Columns | Opinion
The Enemy Within
Do facts bear out the assessment of India’s homegrown critics?
Minhaz Merchant
Minhaz Merchant
17 Sep, 2021
(Illustration: Saurabh Singh)
RICHARD VERMA SERVED as the US ambassador to India from 2014 to 2017. An Indian-American, Verma recently addressed students of an Indian university. Here’s what he said: “I look out at the year 2030, for example, and I see an India that may lead the world in almost every category… [The] most populous nation, the most college graduates, the largest middle class, the most cellphone and internet users, along with the third largest military and third largest economy, all coexisting in the world’s largest democracy…The journey to global leadership has begun.”
The young students at Jindal University’s School of Banking and Finance listened with rapt attention. The message they were hearing from a distinguished former diplomat who had travelled widely in India as US ambassador, and met the country’s entrepreneurs, NGOs, activists, journalists, politicians and ordinary people, was very different from the downbeat assessment they receive daily from the media—Indian and Western.
Was Verma being overly optimistic? Do facts bear out his projections?
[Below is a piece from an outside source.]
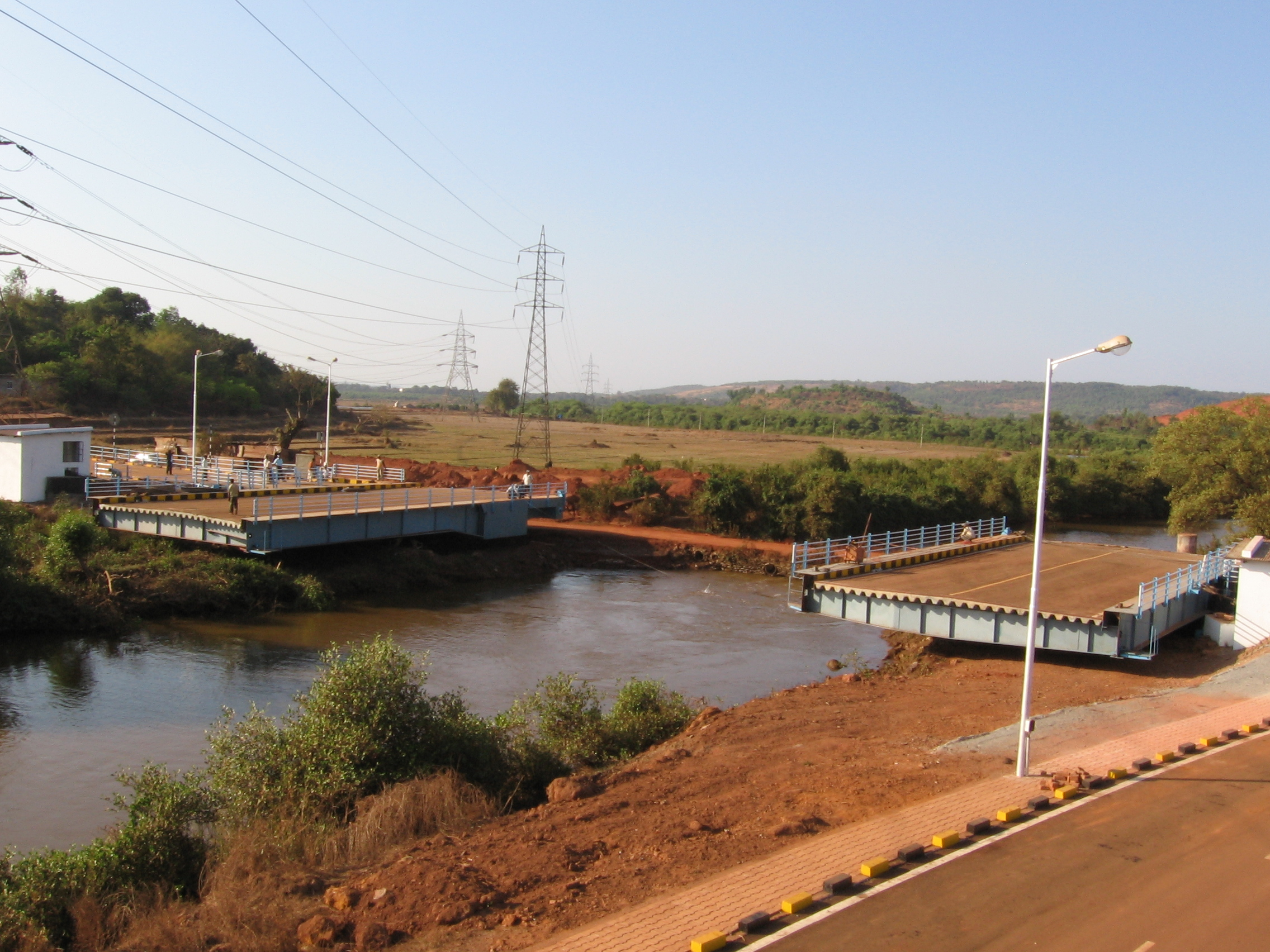 The Poira-Corjuem Bridge, India's first horizontal opening, balance cantilever bridge at Poira, Goa.

By purchasing power parity (PPP), the metric used by the International Monetary Fund (IMF) and the World Bank to rank countries by GDP, India is already the world’s third largest economy ($11.20 trillion) behind China ($26.65 trillion) and the US ($22.67 trillion).
With China’s GDP slowing down to a new annual trajectory average of below 5 per cent a year and India’s post-pandemic economy estimated to grow at over 7.5 per cent a year, the GDP (PPP) gap between China and India, currently 2.5:1 is estimated to narrow to 2:1 over the next critical decade.
By the early 2030s, as Verma points out, India will also have the world’s largest middle class that is both aspirational and young. For Western and Indian companies that is demographic nirvana: size, youth, ambition.
That is why companies such as Apple are beginning to shift production of iPhones from China to India. Foreign direct investment (FDI) and foreign portfolio investment (FPI) are at record highs. India is now the world’s third largest startup hub after the US and China and well ahead of Britain and Japan.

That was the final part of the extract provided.